青森・秋田編(2):斗南藩記念観光村(05.9)

 斗南藩記念観光村の続きです。次に訪れたい寺山修司記念館へのバスも当然ないので、前もって土産屋の方に相談したところ、一時間後ぐらいに来てもらえるようタクシー会社に連絡してくれました。そうか、その手があったんだ。名古屋旅行の時も、あらかじめタクシー会社に連絡して指定した時間に長島駅に来てもらえばよかったのですね。一つ勉強になりました。

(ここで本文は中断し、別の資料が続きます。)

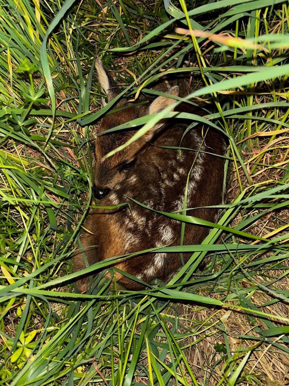 Am nächsten Morgen machte ich mich erneut auf den Weg – diesmal mit meinem Rauhaardackel Casper. Mit feiner Nase und großem Eifer durchkämmte er die Wiese systematisch. Nach etwa einer Stunde zeigte er deutlich an – er verharrte reglos, die Rute gespannt. Im hohen Gras, nur wenige Meter vom Ort des Geschehens entfernt, lag tatsächlich ein Kitz. Es war sichtlich geschwächt, aber lebendig.
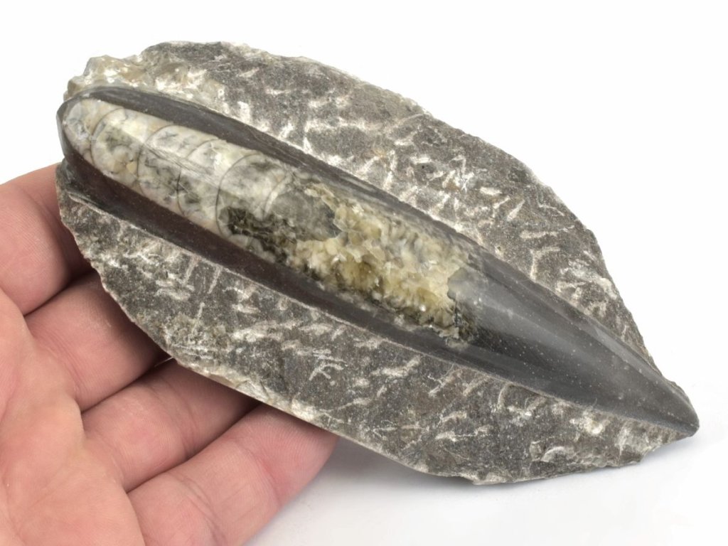 Nabízíme marocké zkameněliny orthocerů v horninách z období svrchního devonu. Jedná se o vyhynulé mořské hlavonožce s přímou kuželovitou schránkou. Název pochází z řeckého "orthos" = rovný a "keras" = roh. Maroko je v současnosti jedním z hlavních míst na světě, kde se tyto fosilie těží a zpracovávají.

 広い敷地には、観光や総合学習のための牧場があり、その一角に資料館と開拓当時の様子を再現した銅像群と集落がありました。空を見上げると、常時米軍機が轟音をたてて飛び交っています。当時の会津人が今生きていたら、どんな気持ちで眺めるでしょう。資料館(先人記念館)は小規模ながらも解説が見やすく分かりやすい充実したもの。初の近代民間洋式牧場をつくりあげ、会津人に希望を与えた指導者、廣澤安任(やすとう)に関する興味深い展示が多々ありました。大久保利通に入閣を勧められた時に、彼はこれを断り「野にあって国家に尽くす」一介の牧夫としてこの地に残ると告げたそうです。会津人に辛酸をなめさせた「国家」と、彼が尽くそうとした「国家」、その関係が彼の心中でどう整理されていたのかは展示でわかりません。ただ彼にとっては「国家」とは既成のもので忠誠を尽す対象であり、みんなで作り上げより良く変えていくものではなかったようです。それにしても便のよくない地域を放置し、そこに反逆者・敗北者を配流し、そして国家権力には必要だが危険な施設(原発・米軍基地…)を設置するという構造は変わっていませんね。資料館の一画には、「三沢市いじめ根絶対策推進協議会標語」が貼りだしてありました。名称からして相当入れ込んでいるようですが、米軍および自衛隊基地や原発にともなう補助金がばらまかれて人間関係はずたずたに切り裂かれた結果なのか、あるいは地域の将来像に希望が持てないゆえなのか。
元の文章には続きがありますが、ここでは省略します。